It becomes suspicious when:

queue length rises
and latency rises
and application waits on I/O
and throughput/IOPS or instance bandwidth is saturated

A queue can also rise because the application suddenly issues many parallel requests.

Do not conclude "EBS is slow" until you compare:

  • application workload;
  • OS iowait;
  • EBS queue/latency;
  • volume limits;
  • instance EBS bandwidth;
  • neighboring paths such as backup/compaction.

5.3 Bottleneck Isolation

5.4 Common Causes

CauseSignalFix
Under-provisioned gp3EBS exceeded metrics, queue riseIncrease IOPS/throughput
Instance EBS capall volumes slow togetherLarger instance / reduce concurrency
Backup jobbytes spike, sequential read/writeSchedule/throttle/separate volume
DB checkpointperiodic write spikeTune DB checkpoint, provision throughput
Compaction/mergesearch/index workload spikeisolate temp/merge, provision headroom
Snapshot restore cold blocksfirst-read latency after restoreinitialization/warmup/FSR
Filesystem issuekernel errors, remount read-onlystop writes, clone, repair

6. Failure Mode 3 — EBS Volume Status Impaired

EBS volume status checks can detect potential inconsistency. When EBS determines that data may be inconsistent, I/O may be disabled by default to prevent corruption, and the volume status can become impaired.

6.1 Symptoms

Volume status check failed
Volume impaired
I/O disabled
Attached EBS status check failing on EC2
Application I/O errors
Filesystem remounted read-only
Instance appears hung due to blocked I/O

AWS-side checks:

VOL_ID=vol-xxxxxxxxxxxxxxxxx
aws ec2 describe-volume-status --volume-ids "$VOL_ID"
aws ec2 describe-volumes --volume-ids "$VOL_ID"

OS checks:

sudo dmesg -T | grep -iE 'I/O error|blk_update_request|nvme|ext4|xfs|buffer error' | tail -100
mount | grep -E ' ro[ ,]|read-only'

6.2 Safe Response

Do not immediately enable I/O and restart everything.

Classify first:

Is this a critical durable volume?
Is application still writing?
Is there a current snapshot?
Can we perform consistency check on attached instance?
Should we attach to a rescue instance?
Is restore from backup safer?

Options:

OptionUse when
Enable I/O and check attachedLow-risk filesystem, app stopped, fastest path needed
Attach to rescue instanceNeed offline fsck/xfs_repair or evidence preservation
Snapshot then restore cloneNeed safer repair or testing before touching original
Delete volumeDisposable volume or obsolete data
Restore from known-good backupConsistency uncertain or business-critical state

6.3 Consistency Check Pattern

High-level flow:

Filesystem commands depend on filesystem.

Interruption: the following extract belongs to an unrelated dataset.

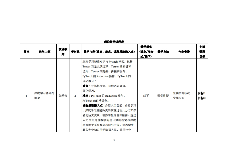 《深度学习》教学大纲课避名称:深度学习课和类别必修选修:必修课程英文名称:Deep Learning总学时周学时学分:32/32其中实检实液学时:16先课程:线性代数、概率论与数理统计、程序设计I,程序设计I1后续课程支撑:数据挖据与数据仓库授课时间:4+14周,周二5-7节授课地点:实606机房课对律:2021计技电商1班开裸学陕:粤台产业科技学院任课就甲姓名琳:张幼情/副教授答展时间、地点与方式:1课堂:每次上课的课前、课间和课后,采用一对一的问答方式2线上:QQ、微信等方式在线答凝3.课外:平时安排在303答疑,学期末安排1-2次专门的答凝时间课庭考核方式:开卷()闭卷()课程论文()其它(√)非试卷类报告使用微村:(动手学深度学习(yTorch))·何孝霆·人民邮电出版社,2023年2月第1版,ISBN:9787115600820课避物介:本课程是计算机科学与技术(跨境电商方向)的专业选修课·课程以PyT0©h为基础·介绍机器学习的基础知识与常用方法·全面细致地提供了基本机器学习操作的原理和在PyTh框架下的实现步骤。再由没入深地以实战案例讲解的方式,对于误差反向传插法、卷积运算等进行详细剖析,使读者在实现层面上理解:此外还加入了前沿技术,如Batch Normalization等内容。本课程讲解4个完整的项目案例、完整的构建过程,使学生能在实战案例中,深入完成机器学习技术中的深度学习的学习与掌握。授课内容将结合理论知识与范例操作,使本课程兼具理论性和实践性。传感器与检测技术是电子以1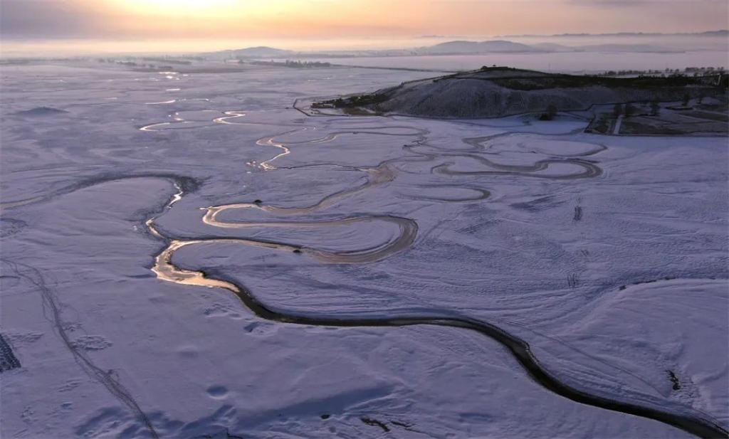 這是位于張家口市沽源縣的冬季閃電河濕地冰雪風(fēng)光(2021年3月13日攝,無(wú)人機(jī)照片)。新華社發(fā)

For ext4 on unmounted volume:

sudo fsck -f /dev/nvmeXn1

For XFS, use xfs_repair on unmounted filesystem:

sudo xfs_repair /dev/nvmeXn1

For database volumes, filesystem consistency is not enough. Run database recovery/validation too.


7. Failure Mode 4 — Attachment, Detachment, and Device Mapping Problems

7.1 Symptoms

EBS volume shows attached but device missing
mount fails after reboot
wrong filesystem mounted
volume stuck detaching
Terraform stuck on attachment
app starts before mount exists
root volume boots but data volume missing

AWS-side checks:

aws ec2 describe-volumes --volume-ids vol-xxxxxxxxxxxxxxxxx
aws ec2 describe-instances --instance-ids i-xxxxxxxxxxxxxxxxx \
  --query 'Reservations[].Instances[].BlockDeviceMappings'

OS-side checks:

lsblk -f
sudo nvme list
ls -l /dev/disk/by-id/
sudo blkid
findmnt
systemctl status local-fs.target

7.2 Common Causes

CauseExplanationFix
Wrong AZEBS volume and EC2 must be in same AZCreate/restore volume in correct AZ
Nitro device namingRequested /dev/sdf appears as NVMe pathMount by UUID/by-id, not assumed path
Missing filesystemRaw block device not formattedFormat only if new/empty volume is confirmed
Stale fstabBoot waits/fails on absent volumeUse correct UUID and fail-safe policy
Busy mountProcesses using filesystem block detachStop process, unmount cleanly
ASG replacementNew instance does not own old data volumeImplement attach/fencing/lifecycle process
KMS accessencrypted volume cannot be usedFix key policy/grants/role

7.3 Stuck Detach

Before forcing detach, understand what is writing.

findmnt /data
sudo lsof +f -- /data
sudo fuser -vm /data

Safe order:

  1. Stop application.
  2. Flush writes.
  3. Unmount filesystem.
  4. Detach volume.
  5. Verify AWS state.
sync
sudo umount /data

Force detach can cause data loss or filesystem corruption if writes are active.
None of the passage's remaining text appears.